§ **PROBLEM**
Without the images, write out the whole listing exactly.
-- COLLECTED DATA follows --
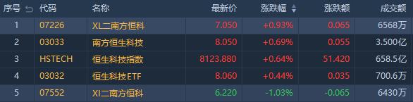 看多恒指相关ETF走强,南方两倍做多恒科(07226.HK)涨0.93%,成交额6568港元;南方恒生科技(03033.HK)涨0.69%,成交额3.5亿港元;
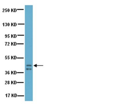 蛋白质印迹分析:该批次的1:500的稀释液在10 μg小鼠脑裂解物中检测到生长相关蛋白43。
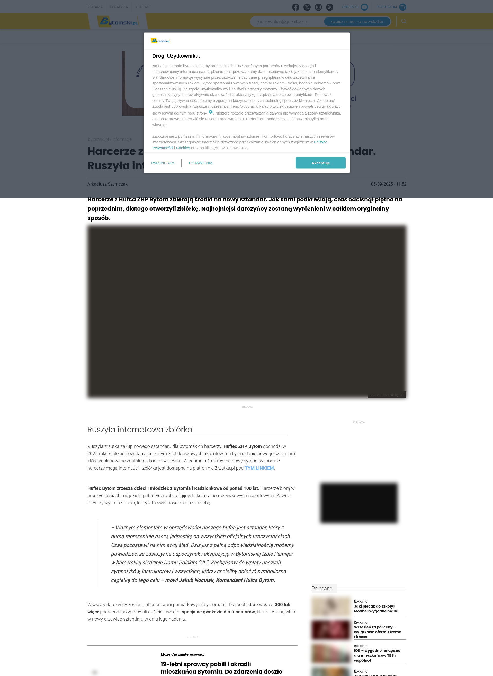 Ruszyła zrzutka zakup nowego sztandaru dla bytomskich harcerzy. Hufiec ZHP Bytom obchodzi w 2025 roku stulecie powstania, a jednym z jubileuszowych akcentów ma być nadanie nowego sztandaru, które zaplanowane zostało na koniec września. W zebraniu środków na nowy symbol wspomóc harcerzy mogą internauci – zbiórka jest dostępna na platformie Zrzutka.pl pod TYM LINKIEM.
-- COLLECTED DATA concluded --
§ **ANSWER FOR THE TASK**
 看多恒指相关ETF走强,南方两倍做多恒科(07226.HK)涨0.93%,成交额6568港元;南方恒生科技(03033.HK)涨0.69%,成交额3.5亿港元;
 蛋白质印迹分析:该批次的1:500的稀释液在10 μg小鼠脑裂解物中检测到生长相关蛋白43。
 Ruszyła zrzutka zakup nowego sztandaru dla bytomskich harcerzy. Hufiec ZHP Bytom obchodzi w 2025 roku stulecie powstania, a jednym z jubileuszowych akcentów ma być nadanie nowego sztandaru, które zaplanowane zostało na koniec września. W zebraniu środków na nowy symbol wspomóc harcerzy mogą internauci – zbiórka jest dostępna na platformie Zrzutka.pl pod TYM LINKIEM.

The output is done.